Vinyl Fantasy: Step Back into the Record Retailers of Long Ago

Bag designs and logos become a record-buying time warp in the pages of a loving new trawl through Britain’s music shops.

Woolworth

Vinyl culture is sustained as much by mythology as it is music, a mass exercise in collective memory, social history and a fierce belief in a shared experience. But these intangible threads are underpinned by a commitment to artefact and object: battered turntables likened to trusted steeds, sound systems fine-tuned like precision engines, and most importantly, stacks of vinyl listed and traded across continents like precious gems.

Much of this culture centres on record stores, places of infinite possibility where musical fascination originates and flourishes. A transaction lies at the heart of each relationship with a record, the decision to spend money on a physical object, but while the resulting purchases themselves are treasured, the contexts and histories of the record stores are often lost.

 

 

 

Like many British teenagers, Jonny Trunk began visiting UK record shops in the late 1970s, starting at Ken’s Records, Venus and Spinnerdisc in Aldershot and Farnham. By the early-1990s, he was in the thick of it, he says, “buying every weekday from new and second-hand specialist shops in the West End.” Thousands of records later, he has collected the paraphernalia of a lifelong passion in A-Z Record Shop Bags, a new book documenting the rich history of vinyl culture in the UK, told through more than 500 bags and paper sleeves from the 1940s to the 1990s.

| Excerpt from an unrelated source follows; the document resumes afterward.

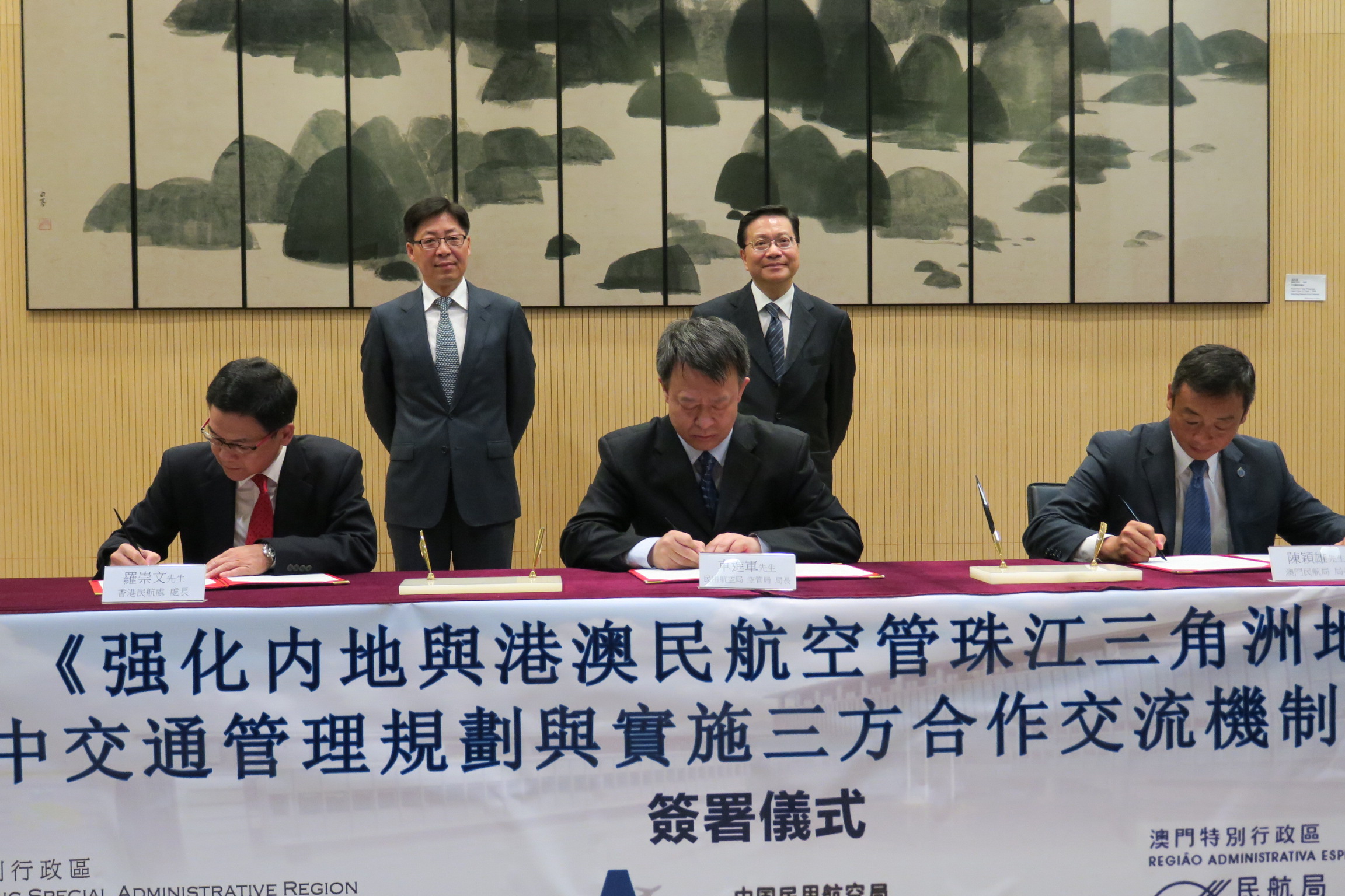 The aeronautical authorities between mainland China, Hong Kong SAR and Macao SAR have been holding regular meetings to discuss the long term development of the air traffic management in the Region since 2004. The “Pearl River Delta Region Air Traffic Management Planning and Implementation” was formulated with the aim of gradually establishing a rational air space structure, with facilities that are guaranteed to be sufficient, and in the operation mode that can be carried out smoothly, for the air traffic management system in this Region. In March this year, the three parties agreed in the supervisory working group meeting to sign the aforementioned cooperation agreement with the aim of enhancing their collaboration to better coordinate among themselves in order that the airports in the Region can develop in an orderly manner in accordance with their own positioning, in other words, progressing their development together to achieve a win-win situation.

From extinct haunts like the Birmingham Co-operative Society to jazz favourites like Honest Jon’s and Ray’s Jazz Shop, the book draws a sonic map of the nation, conjuring up countless hours of discovery, relaxation and partying soundtracked by vinyl. “The bags became a symbol of record-buying seriousness,” Trunk writes. “Your bag made a statement about you.” This means classic designs like Virgin Records sit alongside long faded or obscure prints, the perfect accessory for the edgy vinyl-head keen to parade their taste.

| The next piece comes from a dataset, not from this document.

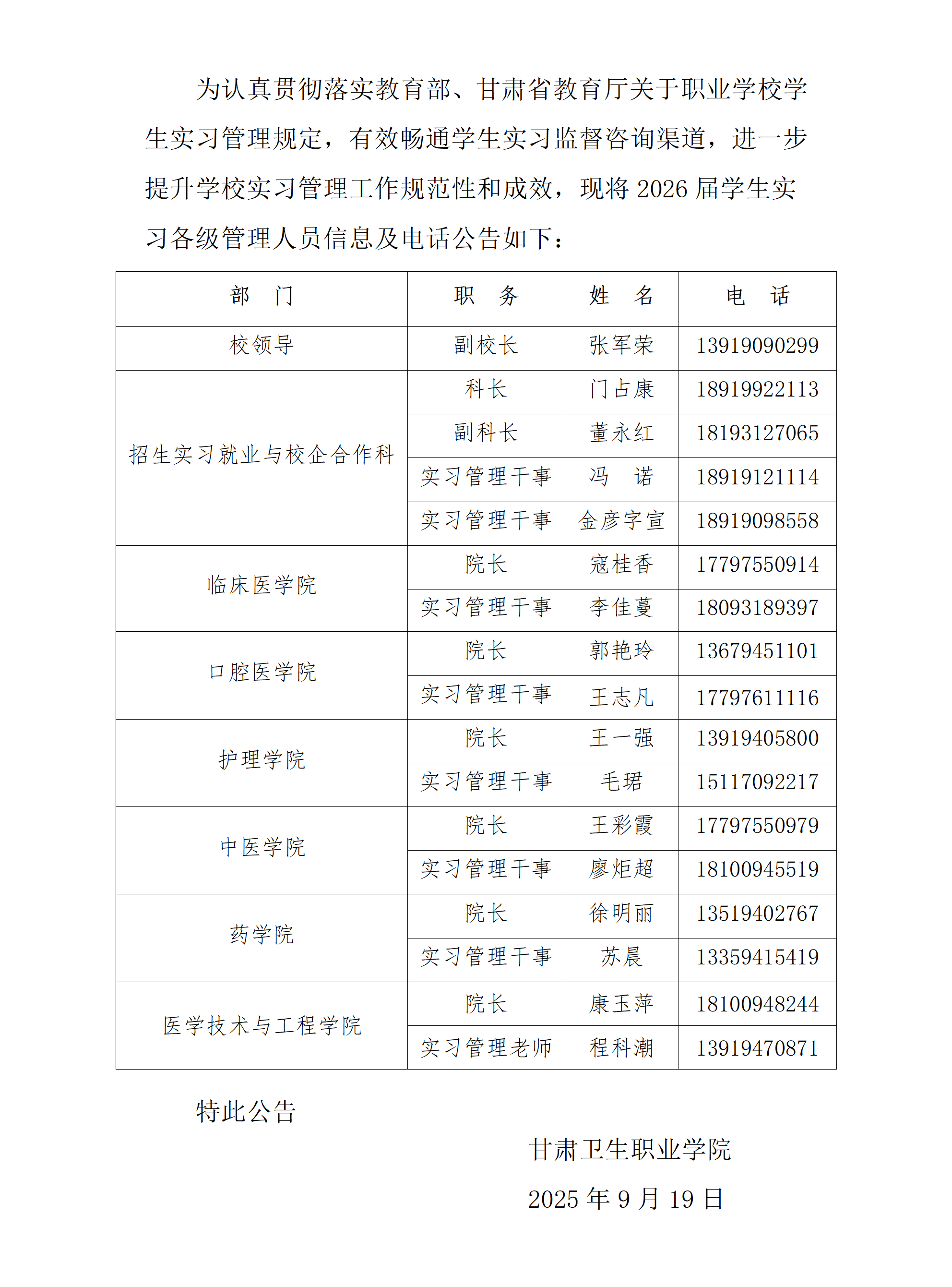 关于公布2026届学生实习监督咨询电话的公告

Striking to the modern reader is the sheer breadth of retailers selling vinyl records throughout the 20th-century: WH Smith, Co-op, Woolworths, Oxfam and Selfridges are all listed as purveyors of rare seven inches, while the modest collections of classical music, instrument and electronics shops outside major cities are well represented. Despite the recent resurgence of vinyl culture, Trunk’s inventory often feels like a eulogy, with numerous stores now extinct. There are glimmers of hope and resilience in these pages, however. Dales in Tenby, Wales, is a seven-decade old family store “still going strong,” Trunk writes. “At 89, Laurie Dale (son of the original owner) is the oldest music retailer in the country. On Sundays he plays his favourite easy listening in the shop.”

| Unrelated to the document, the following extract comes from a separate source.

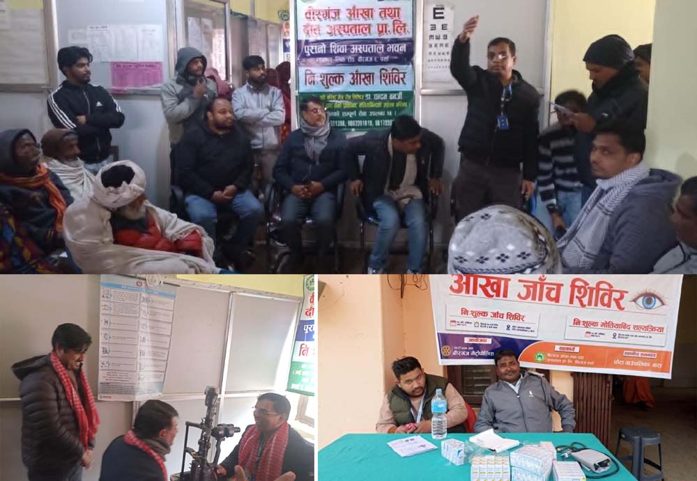 वीरगंज, १९ माघ । वीरगंज आँखा तथा दाँत अस्पताल तथा रोटरी क्लब अफ वीरगंज मेट्रोपोलिसको आयोजनामा शनिवार फेटा गाउँपालिका वार्ड–३ को स्वास्थ चौकीमा निःशुल्क आँखा शिविर सम्पन्न भएको छ । फेटा गाउँपालिकाको सहजीकरणमा भएको शिविरमा २३७ जनाले निःशुल्क सेवा लिएका थिए । शिविरमा ७३ जनामा मोतियाबिन्दु भेटिएको र उनीहरुको वीरगंज आँखा तथा दाँत अस्पतालमा निःशुल्क सल्यक्रिया गरिने तथा अस्पतालसम्म जानलाई निःशुल्क यातायातको व्यवस्था भएको अस्पतालको व्यवस्थापक आसीफ अलिले जानकारी दिनुभयो । शिविरमा आवश्यक परेको बिरामीलाई निःशुल्क औषधि पनि वितरण गरिएको थियो । कार्यक्रममा फेटा गाउँपालिकाका अध्यक्ष, अस्पतालकाा मेडिकल डाइरेक्टर डा चन्दन बनर्जी, रोटरी क्लब अफ वीरगंज मेट्रोपोलिसका प्रेसिडेन्टलगायतको सहभागिता थियो ।

“The bags became a symbol of record-buying seriousness. Your bag made a statement about you”

Boots

The time the book covers was, of course, a pre-digital, pre-streaming era. “In the first thirty or forty years of British pop culture, the shop was the place,” writes music journalist Jon Savage in his intro to the book. “The agora, the arena where committed fans and casual buyers would meet and spend time, perhaps even talk to each other or hear something they might not previously have known.” Tribal lines were drawn across sounds and locations as stores curated their own genre selections, guided by the availability of international records bringing the sounds of Dub, Ska and Chicago House to eager British ears.

“Tribal lines were drawn across sounds and locations as stores curated their own genre selections”

Musicwise

Trunk started the project by screen printing record bag designs on plain T-shirts (he began with Our Price and Woolworths, moving on to the iconic Musicwise owl logo and then Hermons records, a defunct 1970s store with a healthy Northern Soul roster). His research led him to the British Record Shop Archive, and then to individual collectors eager to share their obscurities with him. Individual captions beside each sleeve provide precious nuggets of colour, the lost stories behind the sounds.

The entry for Berwick’s, a store in Rugby, offers a perfect dose of pith and nostalgia. “The only thing we can tell you about this shop is that all the staff wore overalls and all looked like lab technicians, which is really brilliant.”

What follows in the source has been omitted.